Kleine Fische zappeln in achtlos weggeworfenen Plastikhandschuhen, die am Uferrand für sie zur Todesfalle geworden sind. Die Küken von Singvögeln strangulieren sich mit den Gummibändern von FFP-2-Masken, die die Vogeleltern als «Nistmaterial» ins Nest geschleppt haben und Igel verheddern sich mit ihren Beinchen im Masken-Müll oder ersticken im PP-Vlies der Einmalkittel.

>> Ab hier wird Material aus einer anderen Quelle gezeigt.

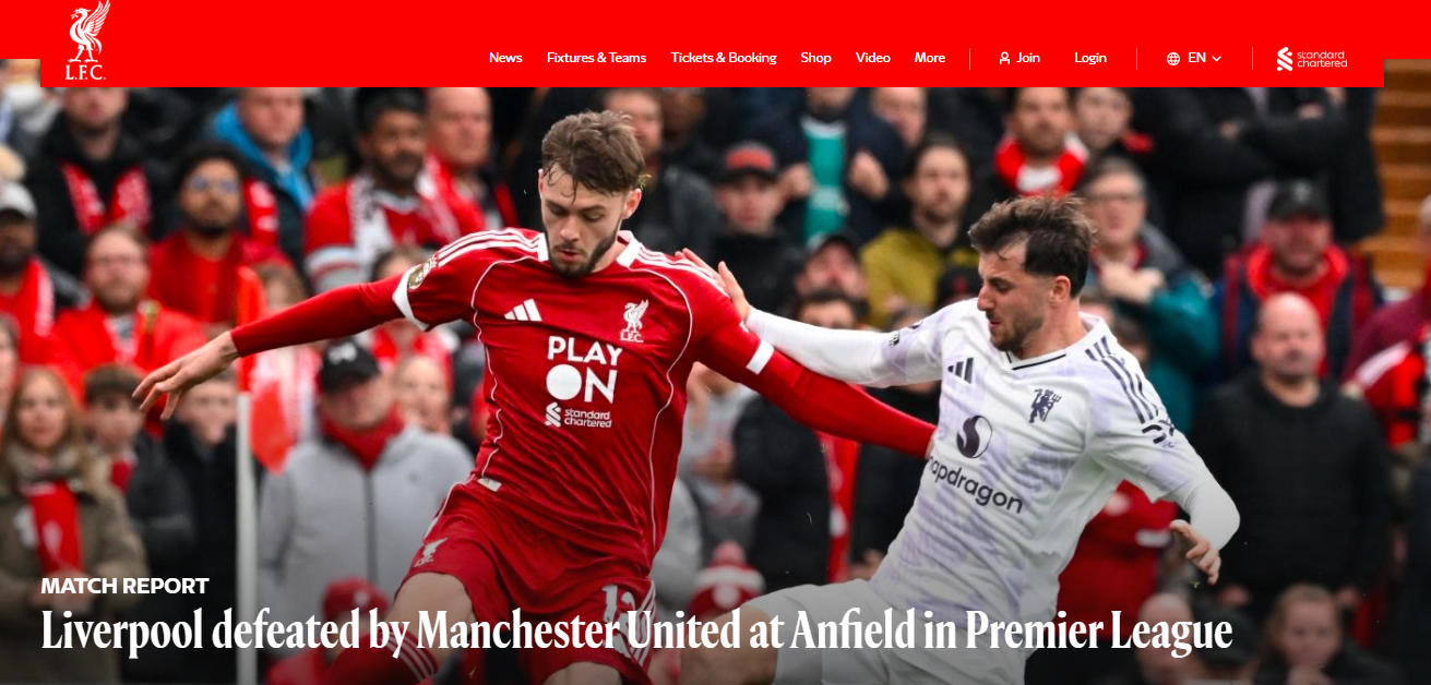 相比赛季初场场“绝杀”的好运气,利物浦队最近似乎走了背字。本场比赛,荷兰前锋加克波一人就三次射中门框。尽管他在第78分钟的进球一度让安菲尔德球场的球迷看到主队全身而退的希望,但5分钟后,布鲁诺·费尔南德斯传中助攻马奎尔头球打入制胜球,曼联队2比1全取三分。
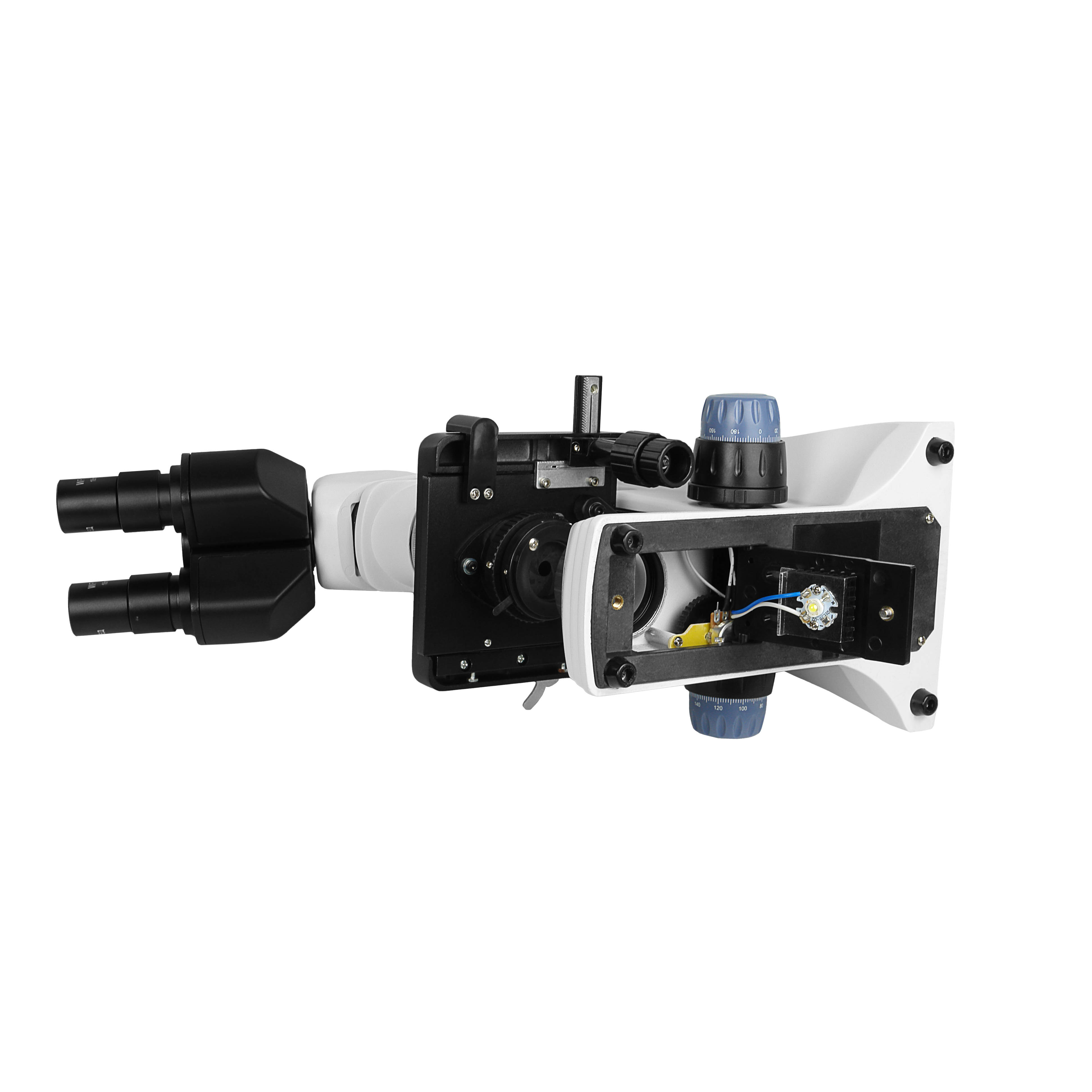 Штатив и основание микроскопа из алюминиевого сплава, основание имеет эргономичную Т-образную форму и составляет единое целое со штативом. Конструкция микроскопа гарантирует надежность конструкции, стабильность и точность настроек. Основание и штатив микроскопа имеют износостойкое покрытие с антистатическими свойствами.
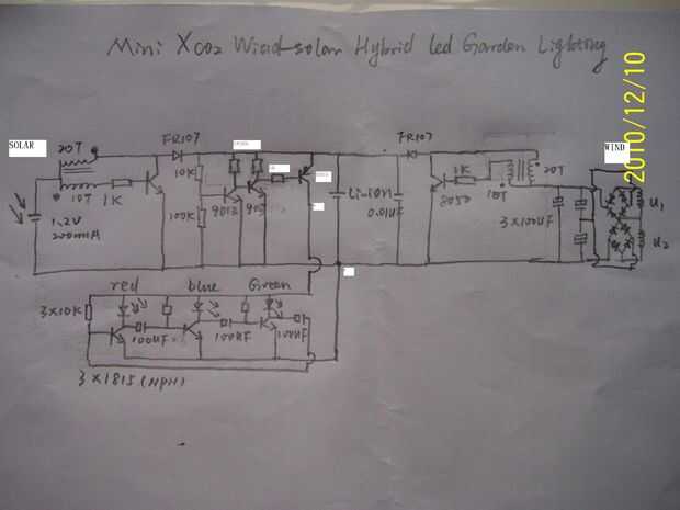 Añadir un circuito de control de sun para funcionar él llevó solamente brillo en la noche pero la turbina de viento cargue la batería durante todo el día y toda la noche.
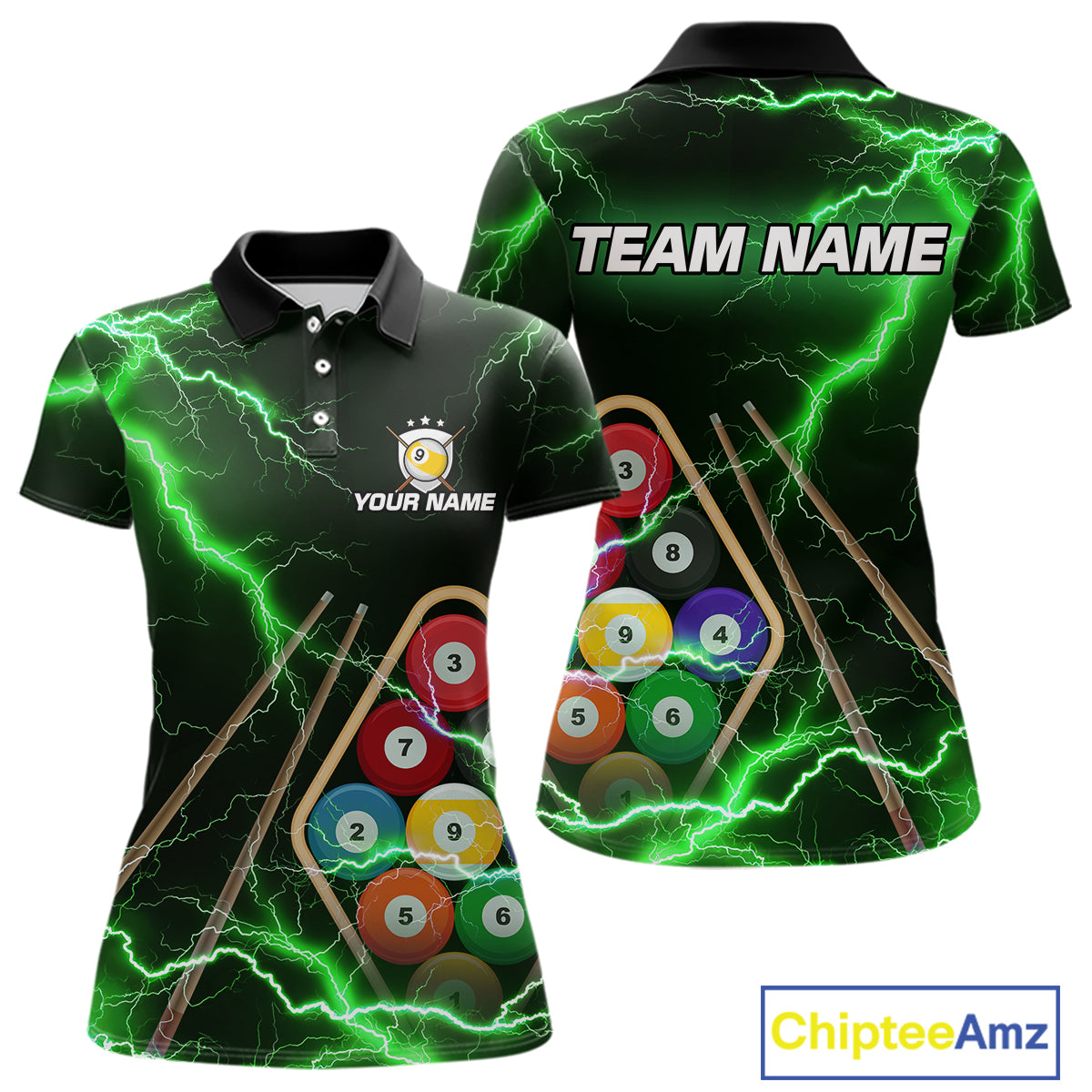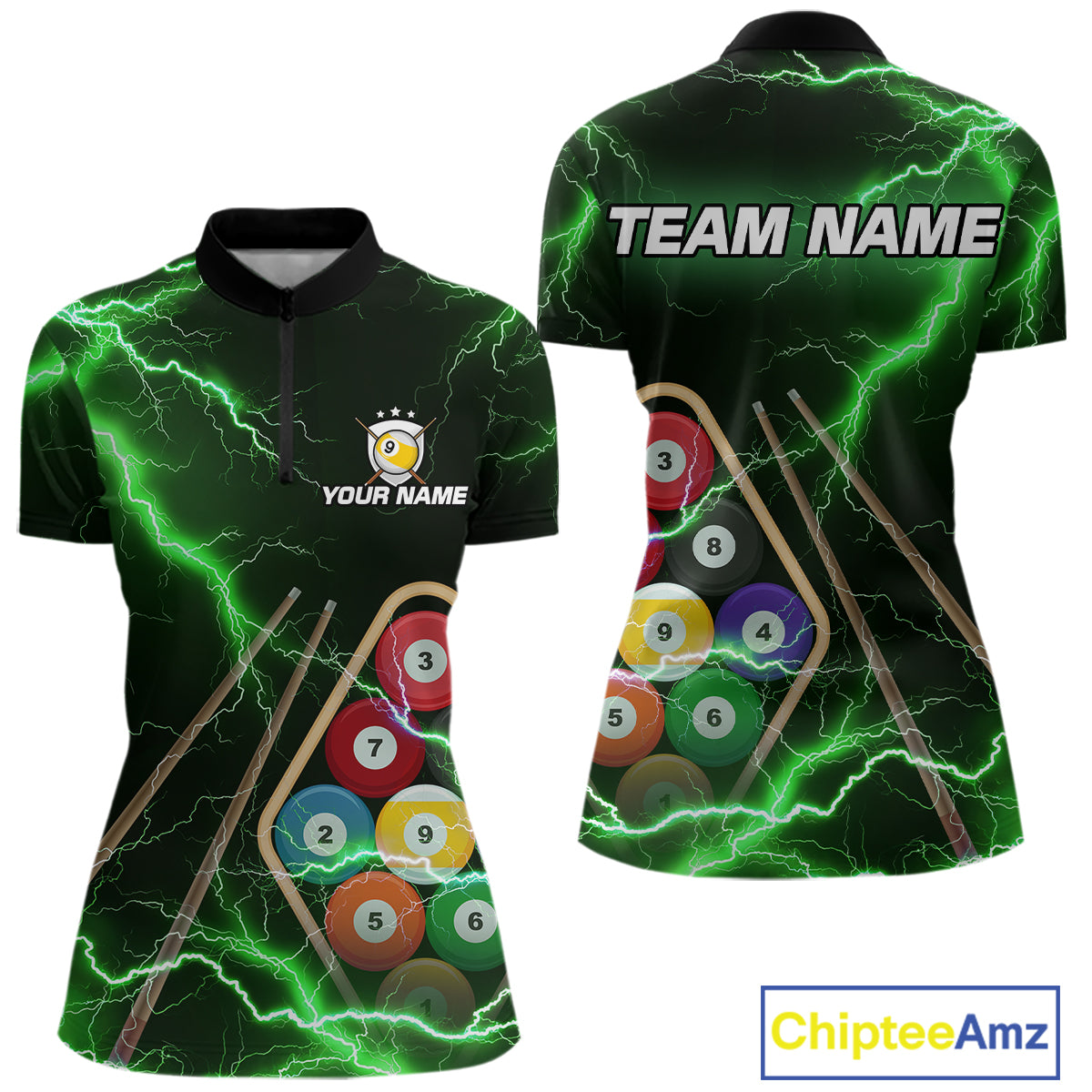 Green 9 Ball Thunder Lightning Billiard Shirts For Women Custom 9 Ball Pool Team Jersey Polo, 1/4 Zip TDM5634

Kleine Vögel wie Rotkehlchen und Spatzen, aber auch Falken und Schwäne klemmen sich mit den Haltegummis der Wegwerfmasken die Flügel ein oder verheddern sich mit ihren Füssen. Die Gummis wickeln sich obendrein leicht um den Schnabel. Das alles hindert die Vögel an der Nahrungssuche und -aufnahme. Möwen, Enten und Schwäne, aber auch Säugetiere wie Füchse und Wildschweine fressen unbeabsichtigt Reste verdreckter Schutzkleidung. Es kommt vor, dass Plastikteile, Filteraufsätze und Reste von Schutzvisieren im Tiermagen zum Hungertod führen. Auch in den Verdauungsorganen von Haustieren wie Hunden und Katzen finden Tierärzte immer häufiger Plastikreste, die sich als Covid-19-Schutzmaterial identifizieren lassen.

Hinzu kommen Schädigungen an landwirtschaftlichen Maschinen, und der erhöhte Arbeitsaufwand für die Landwirte, unsere Natur von Abfällen zu befreien, ist nicht zu unterschätzen. Achtlos weggeworfener Müll wirkt sich also nicht nur negativ auf Mensch und Tier aus, sondern kostet auch Zeit und Geld.

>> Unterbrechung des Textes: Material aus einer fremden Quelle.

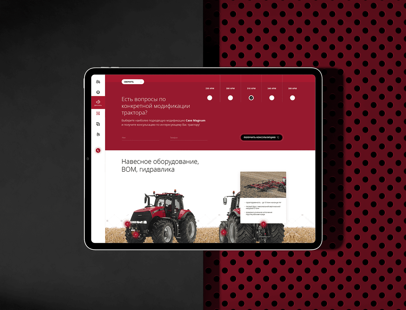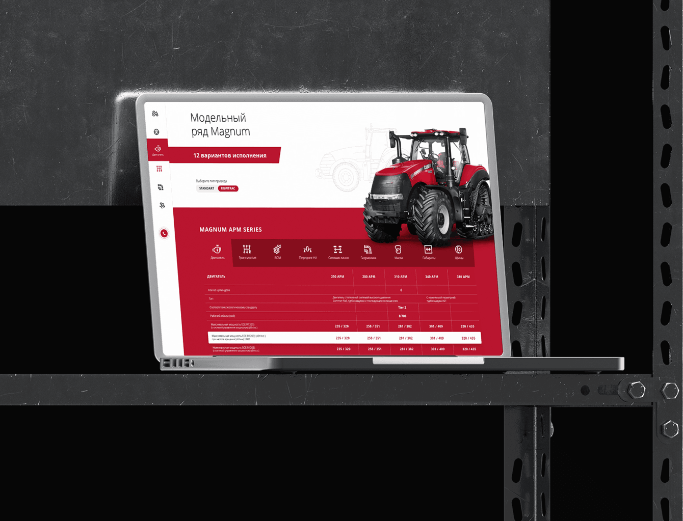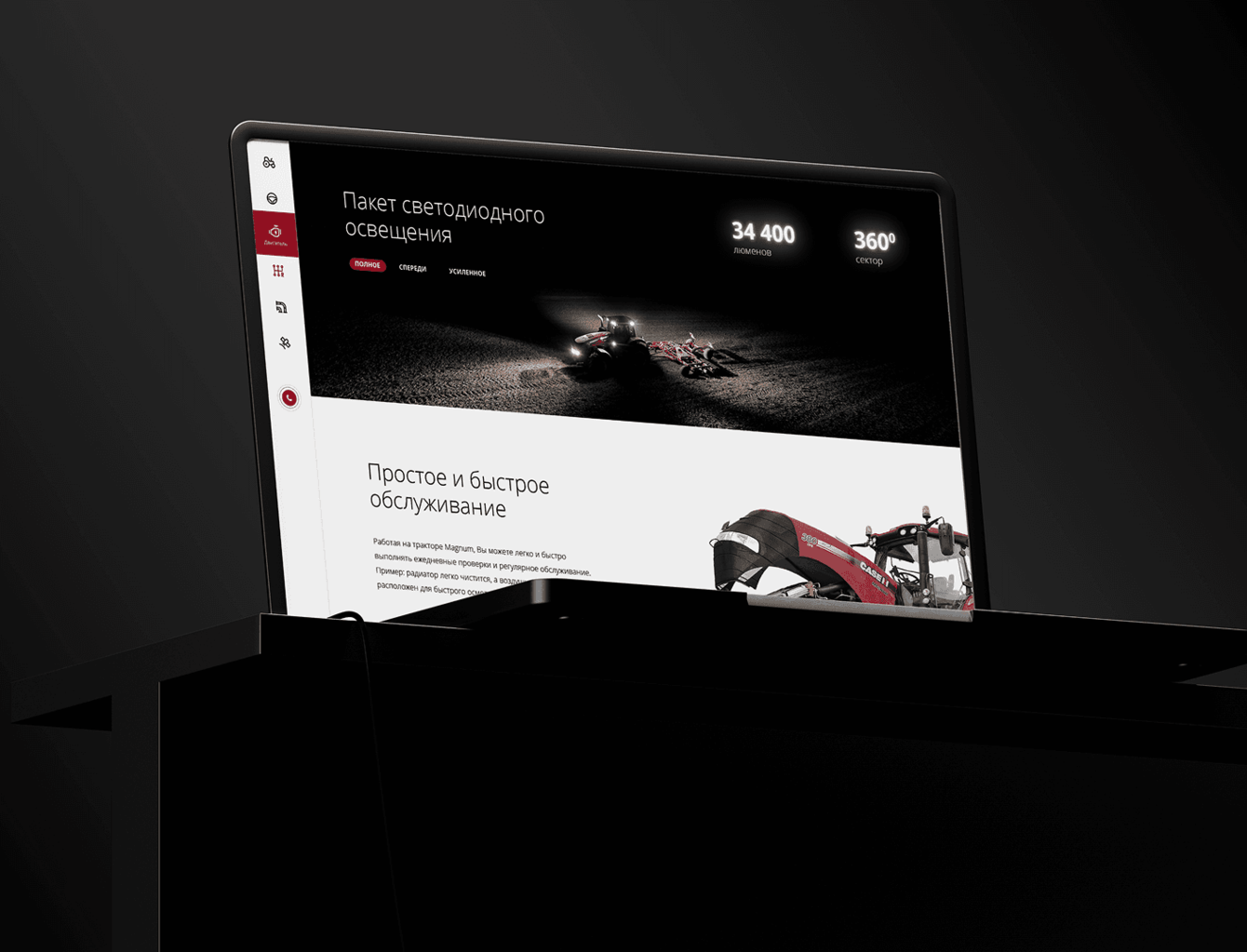Разработать дизайн для сайта, посвящённого многоцелевому трактору MAGNUM от CASE IH. Сайт должен был подчеркнуть преимущества трактора, такие как мощный двигатель, универсальность и надёжность, и обеспечить удобство взаимодействия для потенциальных клиентов.

Eigentlich wissen wir alle, dass Abfall nicht in die Natur gehört. Trotzdem landet aus Bequemlichkeit oder Unachtsamkeit viel Müll in der Natur. Für Vögel sind insbesondere Schnüre und Fäden gefährlich, da sie sich darin verheddern können. Herumliegender Abfall sollte daher konsequent entsorgt werden.

Ebenso wie die Kaufentscheidung und der richtige Gebrauch einer Ware, ist auch das ein wichtiger Teil der Konsumentenverantwortung: die richtige Entsorgung.

Wer seinen Müll in die dafür vorgesehenen Sammelbehälter wirft, schützt unsere Natur, das Klima und letztendlich unsere zukünftigen Nahrungsmittel sowie die Futtermittel für die Tiere.